## Required work:
Below are records with pictures. Reproduce exactly the lines from the line with "Sailor Moon Luna" to the line with "주의: 변경 감지 기능을", inclusive, and leave each picture out.

## Provided material:

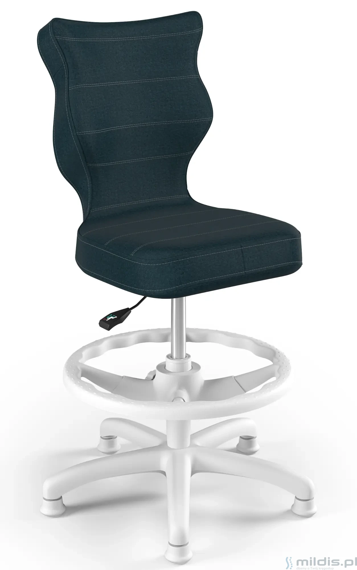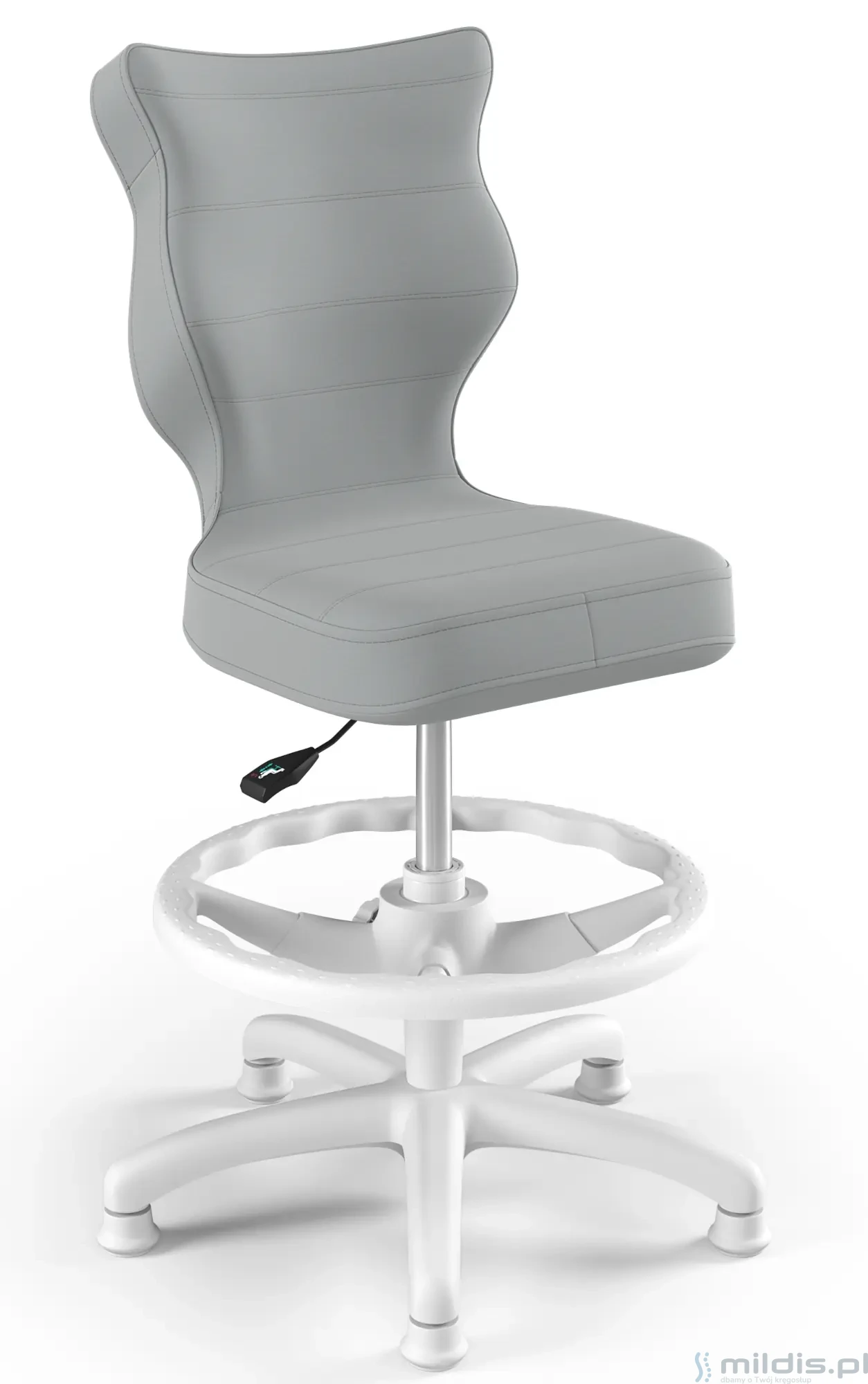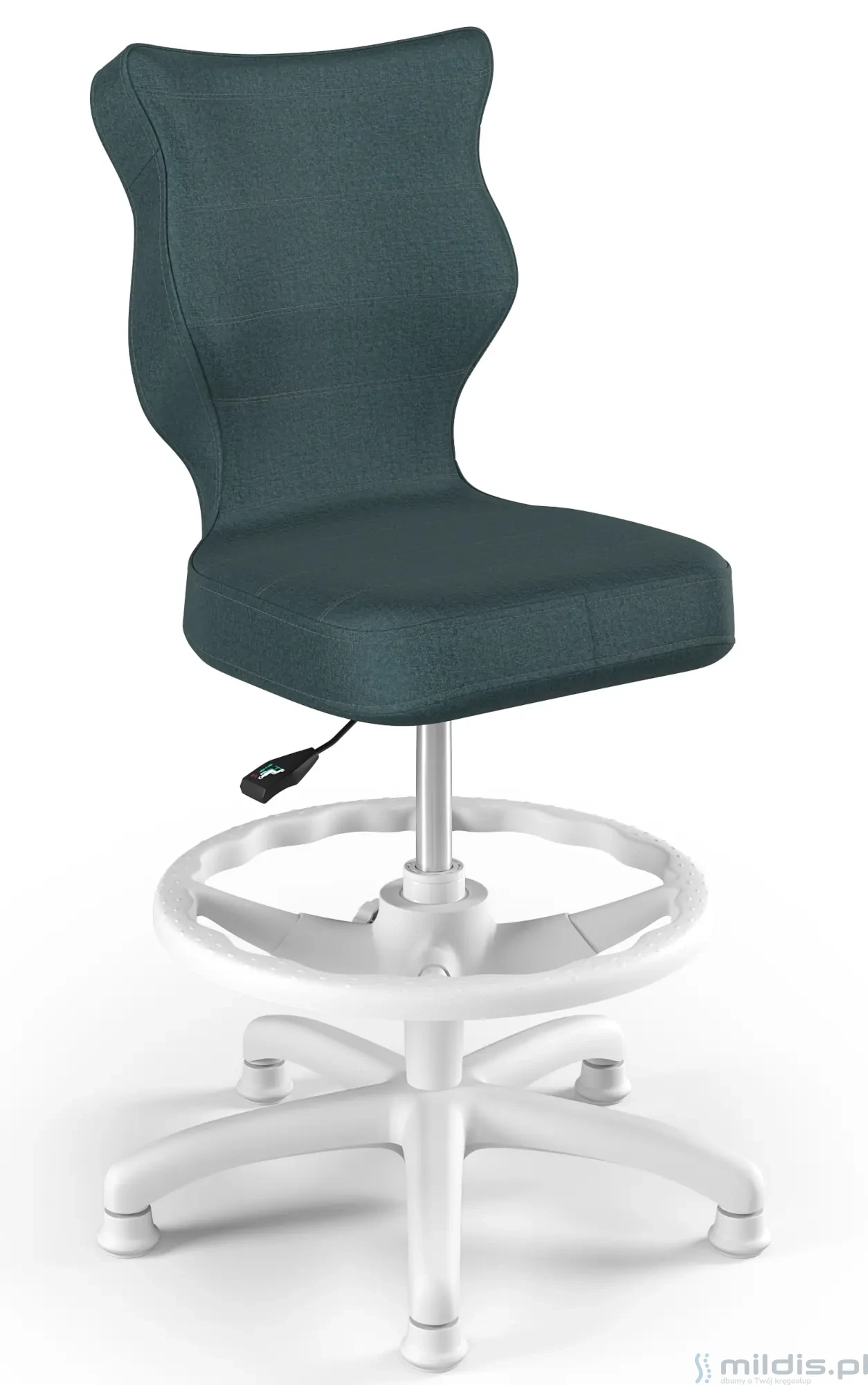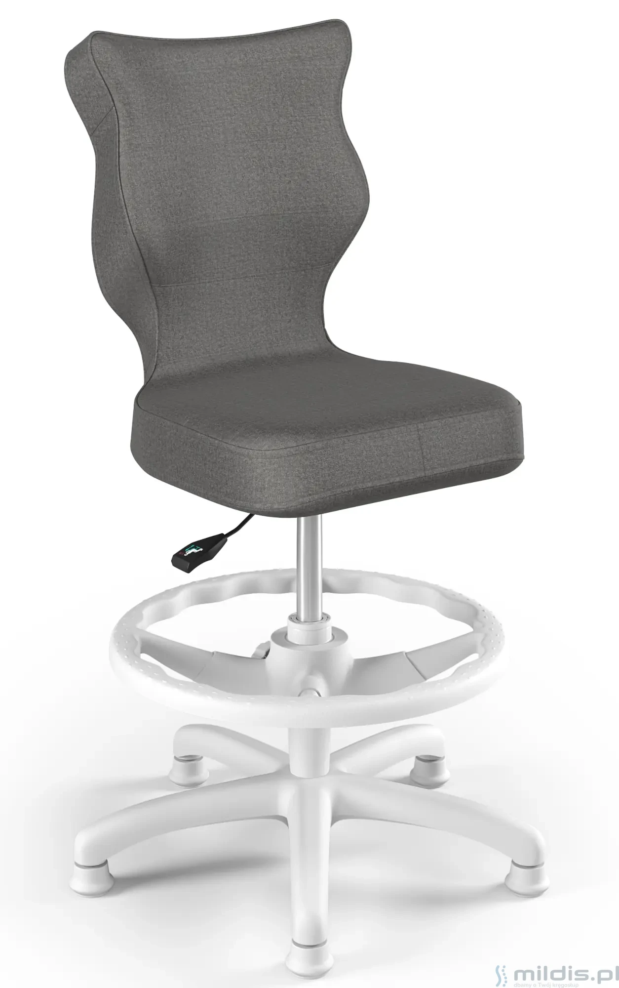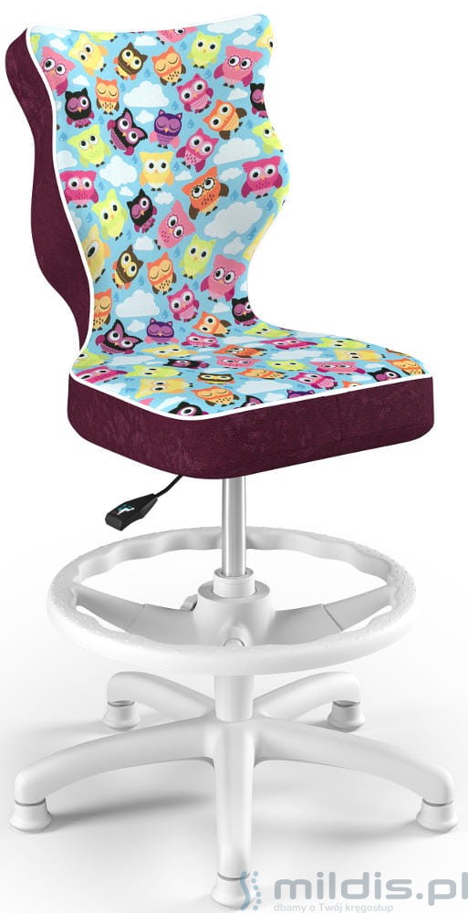 Krzesło do biurka Entelo Petit White w wersji z podnóżkiem posiada specjalny, długi siłownik. Dzięki temu siedzenie krzesła można podnieść na tyle wysoko, aby dziecko mogło siedzieć nawet przy wysokim biurku dla dorosłych. Nogi dziecka mogą się swobodnie oprzeć, ponieważ krzesło ma regulowaną podstawkę pod stopy.
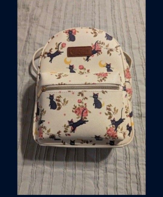 Sailor Moon Luna floral mini back pack with gold hardware. Front zipper pocket and interior pocket. 7 1/2 X 4 1/2 X 11, Like New
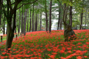 김천 직지사, 입구에서 만세교까지 '꽃무릇' 만개
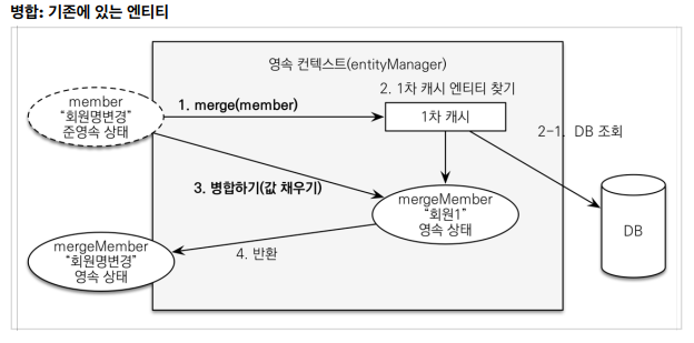 주의: 변경 감지 기능을 사용하면 원하는 속성만 선택해서 변경할 수 있지만, 병합을 사용하면 모든 속성이 변경된다. 병합시 값이 없으면 null 로 업데이트 할 위험도 있다. (병합은 모든 필드를 교체한다.)
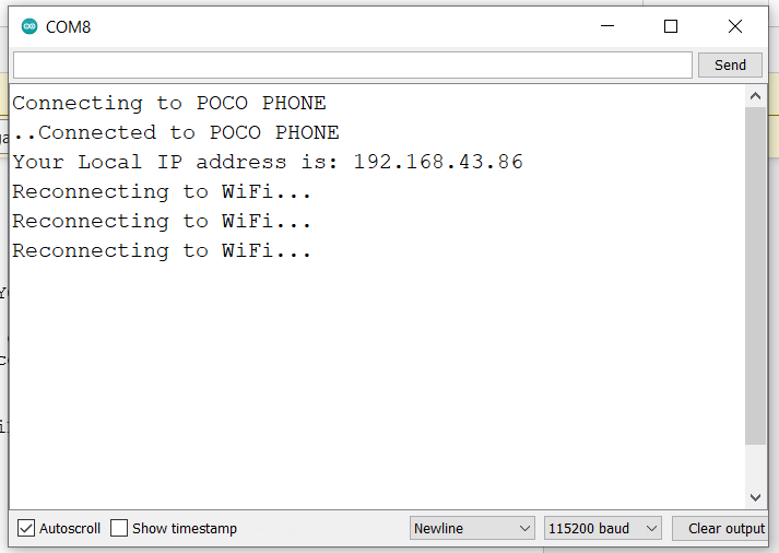 while(WiFi.waitForConnectResult() != WL_CONNECTED){Serial.print(".");}After successfully connecting to the server print the local IP address on the serial window.
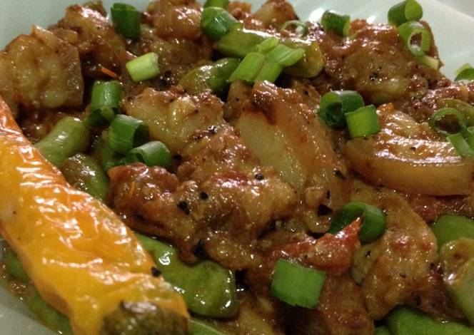 - Add sliced green beans or eggplants to the wok, mix in and cover. Reduce the liquid that seeped out from the veggies or until veggies are cooked.
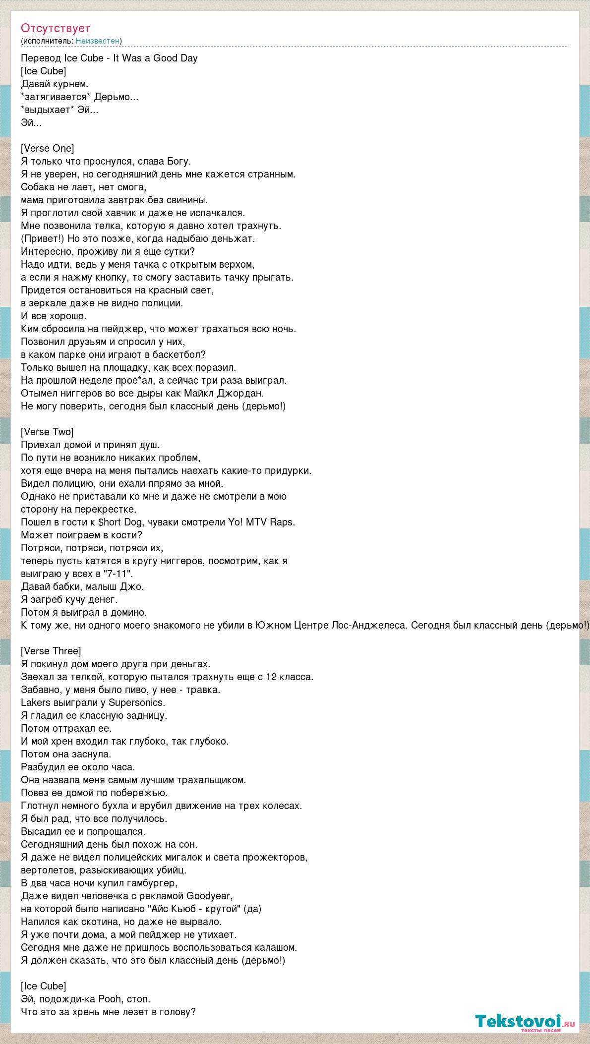 Перевод Ice Cube - It Was a Good Day [Ice Cube] Давай курнем. *затягивается* Дерьмо... *выдыхает* Эй... Эй... [Verse One] Я только что проснулся, слава Богу. Я не уверен, но сегодняшний день мне кажется странным. Собака не лает, нет смога, мама приготовила завтрак без свинины. Я проглотил свой хавчик и даже не испачкался. Мне позвонила телка, которую я давно хотел трахнуть. (Привет!) Но это позже, когда надыбаю деньжат. Интересно, проживу ли я еще сутки? Надо идти, ведь у меня тачка с открытым верхом, а если я нажму кнопку, то смогу заставить тачку прыгать. Придется остановиться на красный свет, в зеркале даже не видно полиции. И все хорошо. Ким сбросила на пейджер, что может трахаться всю ночь. Позвонил друзьям и спросил у них, в каком парке они играют в баскетбол? Только вышел на площадку, как всех поразил. На прошлой неделе прое*ал, а сейчас три раза выиграл. Отымел ниггеров во все дыры как Майкл Джордан. Не могу поверить, сегодня был классный день (дерьмо!) [Verse Two] Приехал домой и принял душ. По пути не возникло никаких проблем, хотя еще вчера на меня пытались наехать какие-то придурки. Видел полицию, они ехали ппрямо за мной. Однако не приставали ко мне и даже не смотрели в мою сторону на перекрестке. Пошел в гости к $hort Dog, чуваки смотрели Yo! MTV Raps. Может поиграем в кости? Потряси, потряси, потряси их, теперь пусть катятся в кругу ниггеров, посмотрим, как я выиграю у всех в "7-11". Давай бабки, малыш Джо. Я загреб кучу денег. Потом я выиграл в домино. К тому же, ни одного моего знакомого не убили в Южном Центре Лос-Анджелеса. Сегодня был классный день (дерьмо!) [Verse Three] Я покинул дом моего друга при деньгах. Заехал за телкой, которую пытался трахнуть еще с 12 класса. Забавно, у меня было пиво, у нее - травка. Lakers выиграли у Supersonics. Я гладил ее классную задницу. Потом оттрахал ее. И мой хрен входил так глубоко, так глубоко. Потом она заснула. Разбудил ее около часа. Она назвала меня самым лучшим трахальщиком. Повез ее домой по побережью. Глотнул немного бухла и врубил движение на трех колесах. Я был рад, что все получилось. Высадил ее и попрощался. Сегодняшний день был похож на сон. Я даже не видел полицейских мигалок и света прожекторов, вертолетов, разыскивающих убийц. В два часа ночи купил гамбургер, Даже видел человечка с рекламой Goodyear, на которой было написано "Айс Кьюб - крутой" (да) Напился как скотина, но даже не вырвало. Я уже почти дома, а мой пейджер не утихает. Сегодня мне даже не пришлось воспользоваться калашом. Я должен сказать, что это был классный день (дерьмо!) [Ice Cube] Эй, подожди-ка Pooh, стоп. Что это за хрень мне лезет в голову?

## Task answer:
 Sailor Moon Luna floral mini back pack with gold hardware. Front zipper pocket and interior pocket. 7 1/2 X 4 1/2 X 11, Like New
 김천 직지사, 입구에서 만세교까지 '꽃무릇' 만개
 주의: 변경 감지 기능을 사용하면 원하는 속성만 선택해서 변경할 수 있지만, 병합을 사용하면 모든 속성이 변경된다. 병합시 값이 없으면 null 로 업데이트 할 위험도 있다. (병합은 모든 필드를 교체한다.)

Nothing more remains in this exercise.